* Problem requirements *
Return the listing exactly. Keep no pictures.

========

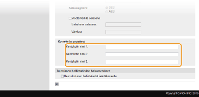 Määritä nämä asetukset vain, kun [Autentikointi Kyllä/Salaus Kyllä] tai [Autentikointi Kyllä/Salaus Ei] on valittu kohdassa [Suojausasetukset].
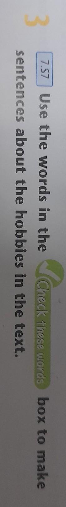 3 7.57 Use the words in the sentences about the hobbies Check these Check in the text. words these words box to make
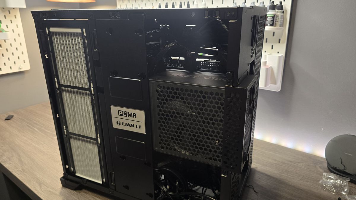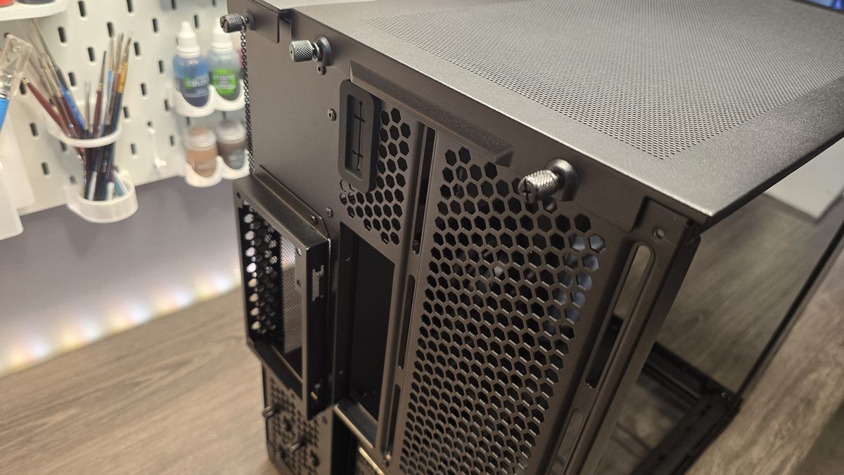 O gerenciamento de cabos na parte traseira também é bastante bem pensado. Existem muitos ilhós de borracha, juntamente com tiras de velcro e pontos de ligação ao longo da maior parte (algo que está se tornando muito menos comum nos dias de hoje, infelizmente). O Lian Li’s também incluiu uma porta de arrumação magnética para ajudar a esconder a maior parte da bagunça do cabo quando você terminar, e isso também abriga dois SSDs de 2,5 polegadas, balançando na posição protegida por ímãs colocados em ambos os lados. Isso é incrivelmente útil durante o processo de construção para mantê -lo fora do caminho, embora, para ser justo, você pode levantá -lo de suas dobradiças e removê -lo completamente. Quanto ao PSU, isso tem uma solução de montagem traseira saliente que se destaca em 15 mm, que honestamente não é o fim do mundo e oferece um pouco mais de espaço internamente para gerenciamento de cabos.
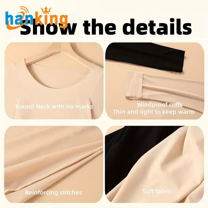 Ehanking Women's Seamless Thermal Underwear Sets Ladies Long Sleeve Slim Ultra-thin Non-marking Invisible Heat Underwear Suits
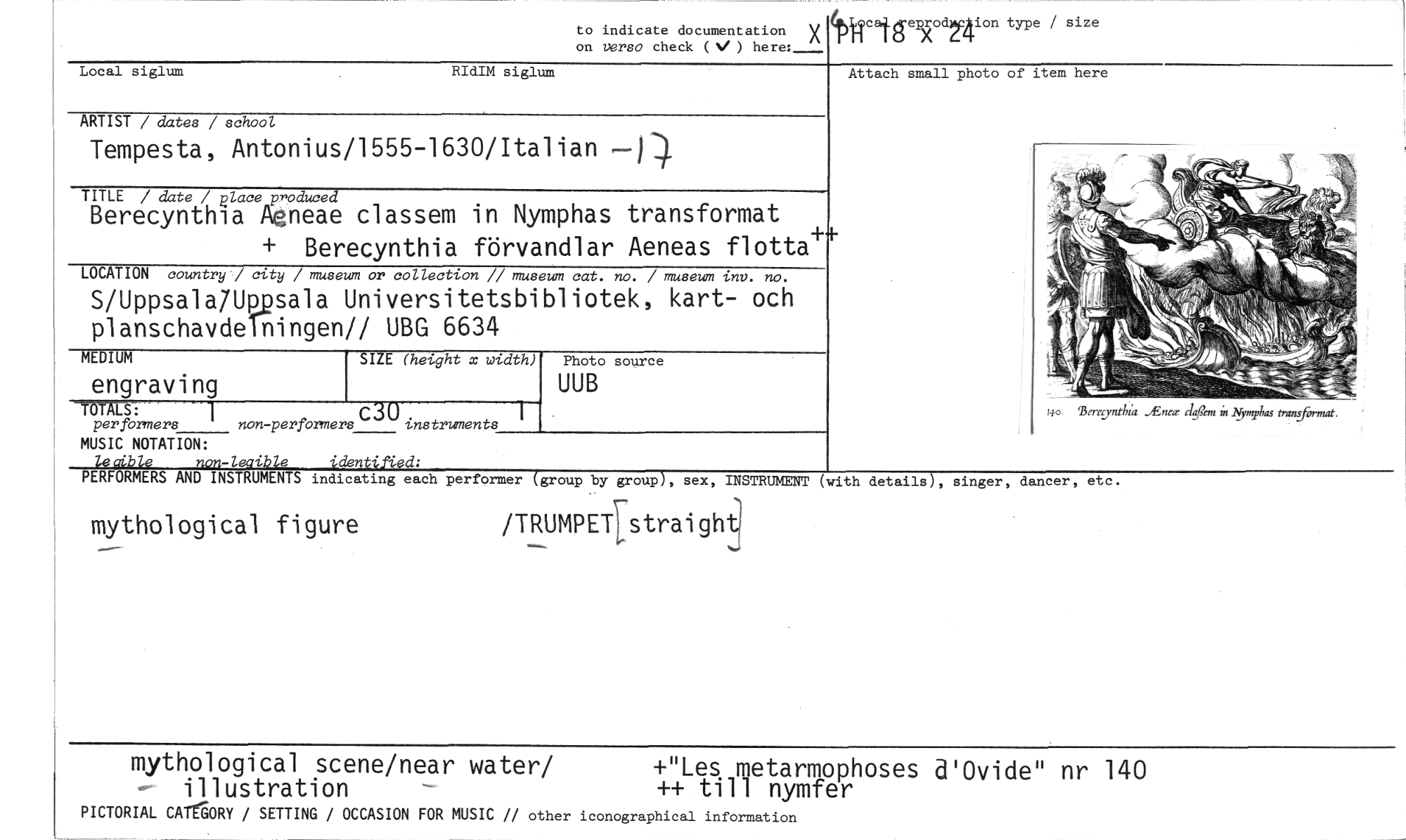 //// to indicate documentation X //// on versa check (V ) here:_ //// (pirtgesrednion type / size //// Local siglum RIdIM siglum //// ARTIST / dates / school //// Tempesta, Antonius/1555-1630/Italian //// TITLE / date / place pnoduced //// Berecynthia Agneae classem in Nymphas transformat Berecynthia förvandlar Aeneas flotta+ //// LOCATION country / city / museum or collection // museum cat. no. / museum inv. no. //// S/Uppsala7Upsala Universitetsbibliotek, kart- och //// planschavde ningen// UBG 6634 //// Attach small photo of item here //// MEDIUM SIZE (height x width) //// engraving //// per formers non-perfOrmers instruments //// MUSIC NOTATION: //// lecible non-leaible identified: //// PERFORMERS AND INSTRUMENTS //// Photo source //// UUB //// singer, dancer, //// etc. //// indicating each performer (group by group), sex, INSTRUMENT (with details), //// mythological figure /TRUMPET5traightl //// mythological scene/near water/ +"Les metarmophoses d'Ovide" nr 140 //// illustration ++ till nymfer //// PICTORIAL CATraRY / SETTING / OCCASION FOR MUSIC // other iconographical information ////
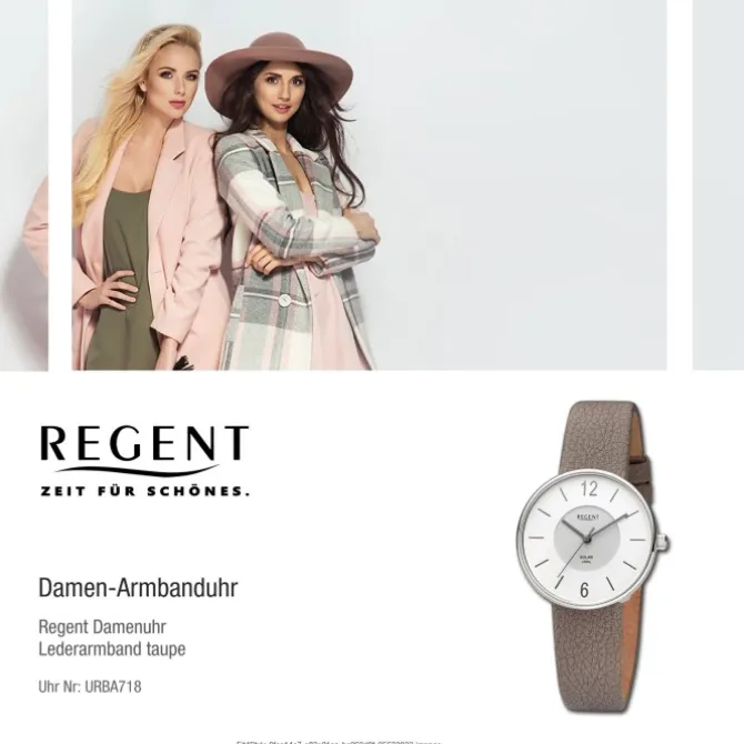 Seit seiner Gründung 1983 steht das Uhrenlabel Regent für kontinuierliche Weiterentwicklung und höchste Qualität. Unter dem Motto -Zeit für Schönes- betonen die Uhren zeitlose Eleganz und verleihen Ihrem Look eine perfekte Note.
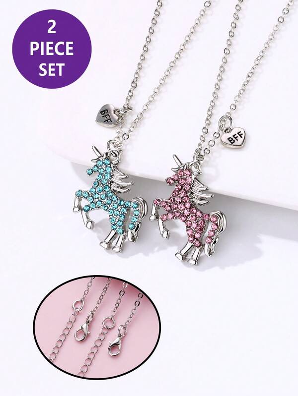 2pcs/set Little Girls' Cute Horse Zinc Alloy, Plastic & Acrylic Gemstone Necklaces In Pink And Blue, Suitable For Daily Wear, Gifts
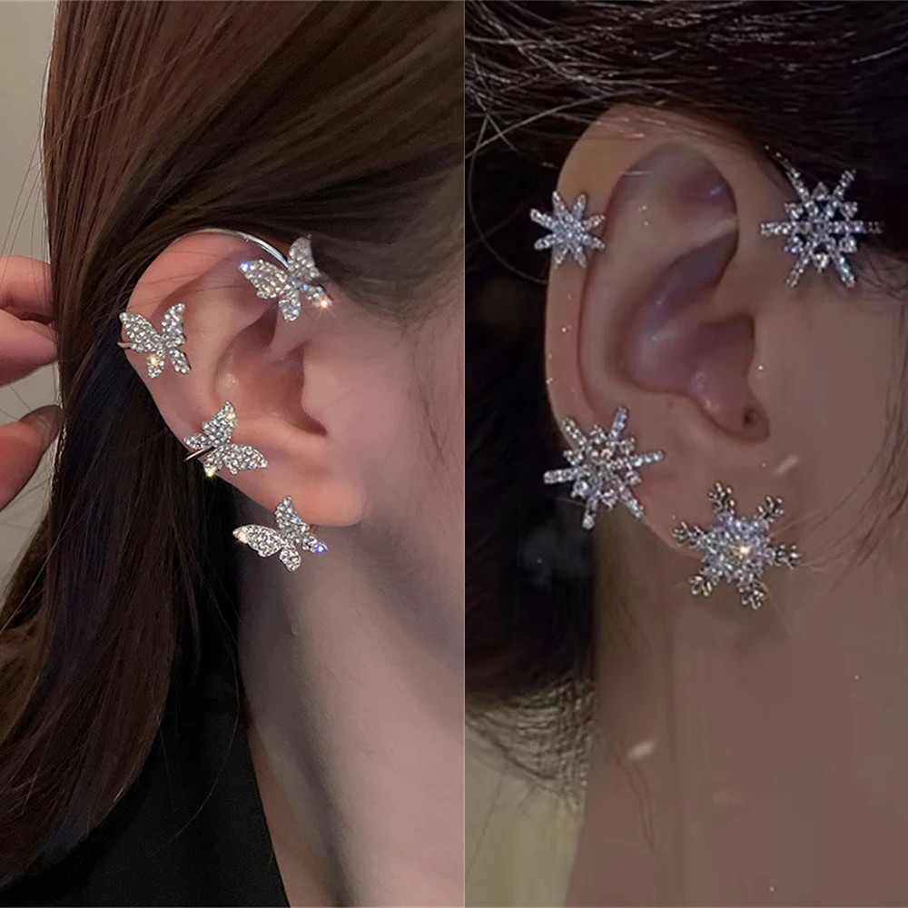 2022 модные блестящие серьги в виде снежинки и бабочки для женщин, клипса для ушей со звездой из циркония, без пирсинга, манжеты для ушей, заушники, ювелирные изделия, свадебный подарок

========

* Written reply *
 Määritä nämä asetukset vain, kun [Autentikointi Kyllä/Salaus Kyllä] tai [Autentikointi Kyllä/Salaus Ei] on valittu kohdassa [Suojausasetukset].
 3 7.57 Use the words in the sentences about the hobbies Check these Check in the text. words these words box to make
 O gerenciamento de cabos na parte traseira também é bastante bem pensado. Existem muitos ilhós de borracha, juntamente com tiras de velcro e pontos de ligação ao longo da maior parte (algo que está se tornando muito menos comum nos dias de hoje, infelizmente). O Lian Li’s também incluiu uma porta de arrumação magnética para ajudar a esconder a maior parte da bagunça do cabo quando você terminar, e isso também abriga dois SSDs de 2,5 polegadas, balançando na posição protegida por ímãs colocados em ambos os lados. Isso é incrivelmente útil durante o processo de construção para mantê -lo fora do caminho, embora, para ser justo, você pode levantá -lo de suas dobradiças e removê -lo completamente. Quanto ao PSU, isso tem uma solução de montagem traseira saliente que se destaca em 15 mm, que honestamente não é o fim do mundo e oferece um pouco mais de espaço internamente para gerenciamento de cabos.
 Ehanking Women's Seamless Thermal Underwear Sets Ladies Long Sleeve Slim Ultra-thin Non-marking Invisible Heat Underwear Suits
 //// to indicate documentation X //// on versa check (V ) here:_ //// (pirtgesrednion type / size //// Local siglum RIdIM siglum //// ARTIST / dates / school //// Tempesta, Antonius/1555-1630/Italian //// TITLE / date / place pnoduced //// Berecynthia Agneae classem in Nymphas transformat Berecynthia förvandlar Aeneas flotta+ //// LOCATION country / city / museum or collection // museum cat. no. / museum inv. no. //// S/Uppsala7Upsala Universitetsbibliotek, kart- och //// planschavde ningen// UBG 6634 //// Attach small photo of item here //// MEDIUM SIZE (height x width) //// engraving //// per formers non-perfOrmers instruments //// MUSIC NOTATION: //// lecible non-leaible identified: //// PERFORMERS AND INSTRUMENTS //// Photo source //// UUB //// singer, dancer, //// etc. //// indicating each performer (group by group), sex, INSTRUMENT (with details), //// mythological figure /TRUMPET5traightl //// mythological scene/near water/ +"Les metarmophoses d'Ovide" nr 140 //// illustration ++ till nymfer //// PICTORIAL CATraRY / SETTING / OCCASION FOR MUSIC // other iconographical information ////
 Seit seiner Gründung 1983 steht das Uhrenlabel Regent für kontinuierliche Weiterentwicklung und höchste Qualität. Unter dem Motto -Zeit für Schönes- betonen die Uhren zeitlose Eleganz und verleihen Ihrem Look eine perfekte Note.
 2pcs/set Little Girls' Cute Horse Zinc Alloy, Plastic & Acrylic Gemstone Necklaces In Pink And Blue, Suitable For Daily Wear, Gifts
 2022 модные блестящие серьги в виде снежинки и бабочки для женщин, клипса для ушей со звездой из циркония, без пирсинга, манжеты для ушей, заушники, ювелирные изделия, свадебный подарок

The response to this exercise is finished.